Beaucoup plus tard je revis Édith devenue une demoiselle. Loin d’être guérie de sa curiosité, elle en savait toujours trop pour son âge. Les taches de rousseur avaient disparu. Sa peau était belle et rose. Mais à la suite d’une affection pulmonaire, on lui avait fait suivre un régime de suralimentation et chaque fois qu’elle en parlait, mon Édith fronçait les sourcils :
« Dis-moi, mais sincèrement, est-ce que j’ai beaucoup grossi ? » Et ses beaux yeux gris demandaient grâce.
— Tout cela me revenait d’un coup, était là comme autrefois ridicule et émouvant jusqu’aux larmes.
— La première vague d’émotion ne s’était pas encore dissipée, elle n’avait pas encore eu le temps de réfléchir, qu’en serrant autour d’elle, des deux mains, sa robe de flanelle (cette même robe que je porte), elle recula pour prendre du champ :
« J’ai maigri, n’est-ce pas ? demanda-t-elle avec l’ancienne inquiétude. » Et sans attendre ma réponse elle se mit à rire aux éclats : « Que je suis bête ! »
Je ne me rappelle pas ce que nous nous sommes dit. Je crois qu’elle était très pressée. Je sais seulement qu’un cercle respectueux s’était formé autour de nous : de l’immense auréole de la cuisinière, un mince rayon rejaillissait sur moi. Elle serrait ma main, et demandait sans cesse, surexcitée :
« — Que puis-je pour toi ? Que puis-je pour toi ? » Prise au dépourvu, je n’arrivai pas à trouver une réponse.
« — N’as-tu pas des chaussures ? » s’enquit-elle effrayée.
« — Si, mais elles sont en bois, alors je préfère me promener pieds nus. »
« — Nous allons prendre soin de tout. Du calme je t’en prie… »
Je n’ai pas vu de miroir depuis Plassaw. Je commence à oublier mon aspect. Mais maintenant je sens que je suis loqueteuse, que mon épaule est nue et elle, qui a toujours manqué de tact, n’en souffle mot. D’un mouvement brusque elle enlève sa robe (elle en porte une autre dessous assez coquette, dans le style tyrolien), m’en revêt sur place, en pleine Lagerstrasse, sous les yeux de cent curieux, puis elle court à la cuisine, et revient avec une gamelle quatre fois plus grande que la mienne, pleine d’une soupe épaisse, pommes de terre et autres délicatesses puisées au fond du chaudron : goût et saveurs de rêves. Mes oreilles bourdonnent. J’oublie jusqu’à la présence d’Édith.

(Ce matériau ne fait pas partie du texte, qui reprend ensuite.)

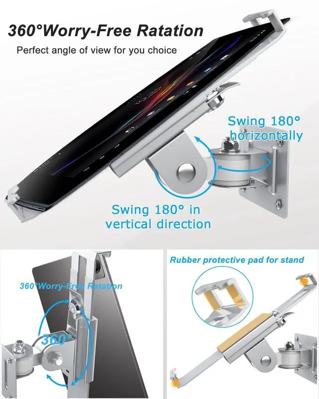 Anti-Theft for POS System Built with high quality heavy-duty aluminum bracket and metal base ensure the wobble-free mounting for your devices. Security and lockable wall mount holder keep your tablets protected all the time.
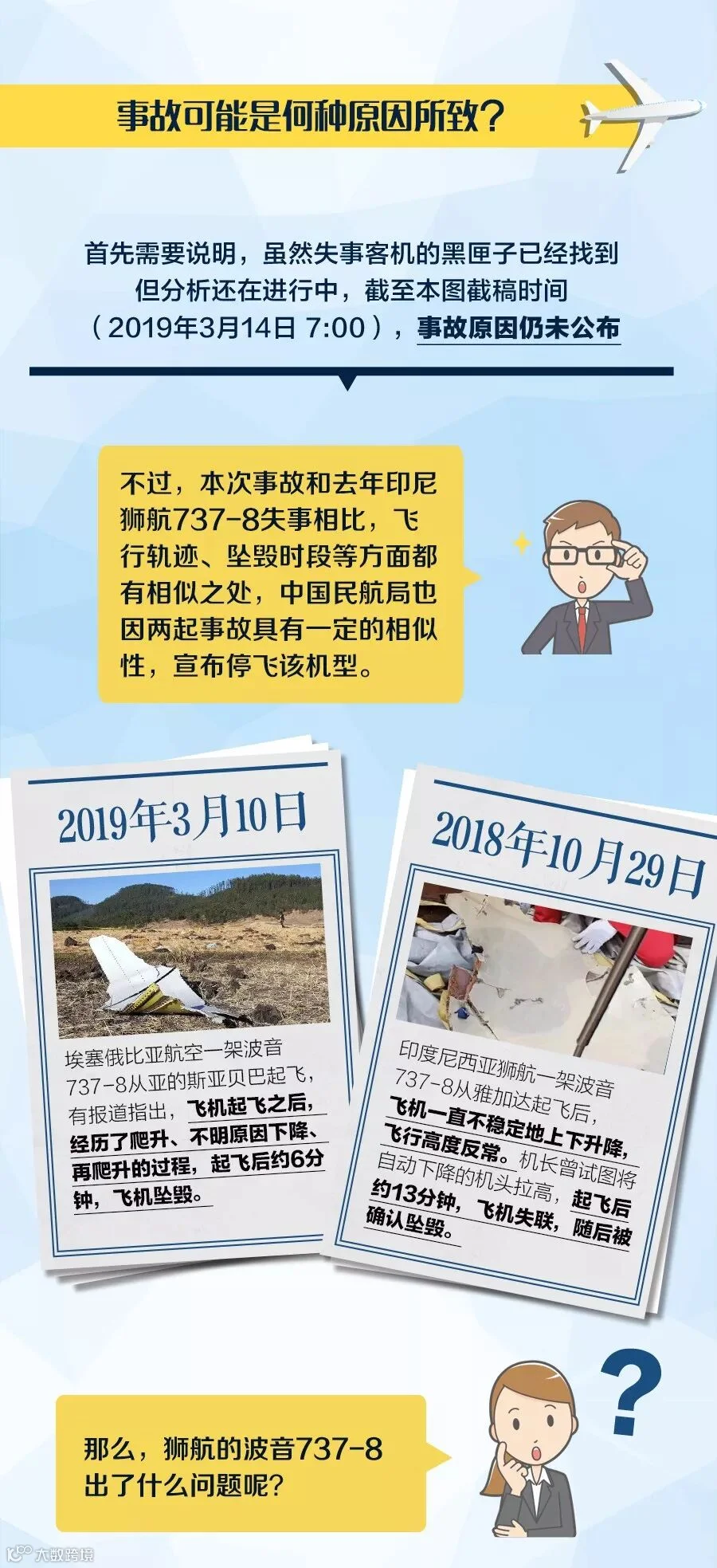 3月10日,埃塞俄比亚航空一架波音737-8飞机发生坠机空难,这是继去年10月29日印尼狮航空难事故之后,波音737-8飞机发生的第2起空难。

Elle m’attend demain à l’aube devant la cuisine ; et après-demain. Tous les jours. Je me tâte l’épaule. Le tissu moelleux me caresse la peau comme une grande main chaude.
*
* *
— Grande chasse autour des cuisines.
— On a abattu une jeune fille, visée au même moment du haut de deux miradors. C’est un sport dangereux que de manger à sa faim ici.
— Et pourtant je vais tous les jours au rendez-vous de l’aube.
— J’ai découvert des planches entassées derrière notre baraque. C’est là que je me rends avec ma gamelle pleine. Je me cache entre deux rangées. Je m’y faufile sur la pointe des pieds, retenant mon souffle. De la nourriture ou du silence, je ne sais ce que je goûte le mieux. Je ne suis plus gloutonne. Je ne commence pas à manger avant de m’être bien installée dans ce silence, dans la solitude.
— Je renifle profondément, immobile, je me délecte de la seule odeur pendant quelques instants, puis viennent les saveurs… Non seulement ma gorge, tout mon être avale.
— Se pourrait-il qu’un jour, rendue à la vie civile, je puisse regarder une pomme de terre sans émotion.